R/incidence.R
In incidence: Compute, Handle, Plot and Model Incidence of Dated Events

Documented in incidence incidence.character incidence.Date incidence.default incidence.integer incidence.numeric incidence.POSIXt

#' Compute incidence of events from a vector of dates.
#'
#' This function computes incidence based on dates of events provided in
#' various formats. A fixed interval, provided as numbers of days, is used to
#' define time intervals. Counts within an interval always include the first
#' date, after which they are labeled, and exclude the second. For instance,
#' intervals labeled as 0, 3, 6, ... mean that the first bin includes days 0, 1
#' and 2, the second interval includes 3, 4 and 5 etc.
#'
#' @param dates A vector of dates, which can be provided as objects of the
#' class: integer, numeric, Date, POSIXct, POSIXlt, and character. (See Note 
#' about `numeric` and `character` formats) 
#'
#' @param interval An integer or character indicating the (fixed) size of the
#' time interval used for computing the incidence; defaults to 1 day. This can
#' also be a text string that corresponds to a valid date interval: day, week,
#' month, quarter, or year. (See Note).
#'
#' @param groups An optional factor defining groups of observations for which
#' incidence should be computed separately.
#'
#' @param na_as_group A logical value indicating if missing group (NA) should be
#' treated as a separate group.
#'
#' @param first_date,last_date optional first/last dates to be used in the
#'   epicurve. When these are `NULL` (default), the dates from the first/last
#'   dates are taken from the observations. If these dates are provided, the
#'   observations will be trimmed to the range of \[first_date, last_date\].
#'
#' @param ... Additional arguments passed to other methods (none are used).
#'
#' @return An list with the class `incidence`, which contains the
#' following items:
#'
#'
#' - **dates**: The dates marking the left side of the bins used for counting
#' events. When `standard = TRUE` and the interval represents weeks, months,
#' quarters, or years, the first date will represent the first standard date
#' (See Interval specification, below).
#'    
#' - **counts**: A matrix of incidence counts, which one column per group (and
#' a single column if no groups were used).
#'
#' - **timespan**: The length of the period for which incidence is computed, in
#' days.
#'
#' - **interval**: The bin size. If it's an integer, it represents the number
#'   of days between each bin. It can also be a character, e.g. "2 weeks" or 
#'   "6 months".
#'
#' - **n**: The total number of cases.
#'
#' - **weeks**: Dates in week format (YYYY-Www), where YYYY corresponds to the
#'   year of the given week and ww represents the numeric week of the year. 

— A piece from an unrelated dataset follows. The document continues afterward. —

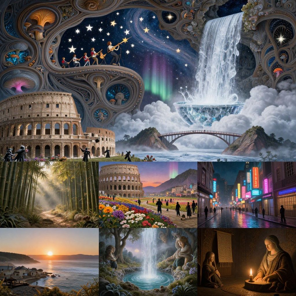 A vibrant, digitally illustrated collage features multiple fantastical scenes. The top center depicts a waterfall cascading into a luminous pool, surrounded by swirling stars and a cosmic aurora. To the left, a Roman coliseum stands amidst tall bamboo. The bottom left shows a sunset over a serene ocean. The bottom right displays a neon-lit street with colorful signs and people. The lower center highlights a serene garden with a statue and a glowing waterfall. The overall style is surreal, blending fantasy and hyper-realism with rich, detailed textures and vivid colors.

#'   This will be a produced from the function [aweek::date2week()]. Note that
#'   these will have a special `"week_start"` attribute indicating which day of
#'   the ISO week the week starts on (see Weeks, below).
#'   
#' - **isoweeks**: ISO 8601 week format YYYY-Www, which is returned only when
#' ISO week-based weekly incidence is computed.
#'
#'
#' @details For details about the `incidence class`, see the dedicated
#' vignette:\cr `vignette("incidence_class", package = "incidence")`
#'
#' @note \subsection{Input data (`dates`)}{
#'  - **Decimal (numeric) dates**: will be truncated with a warning
#'  - **Character dates** should be in the unambiguous `yyyy-mm-dd` (ISO 8601)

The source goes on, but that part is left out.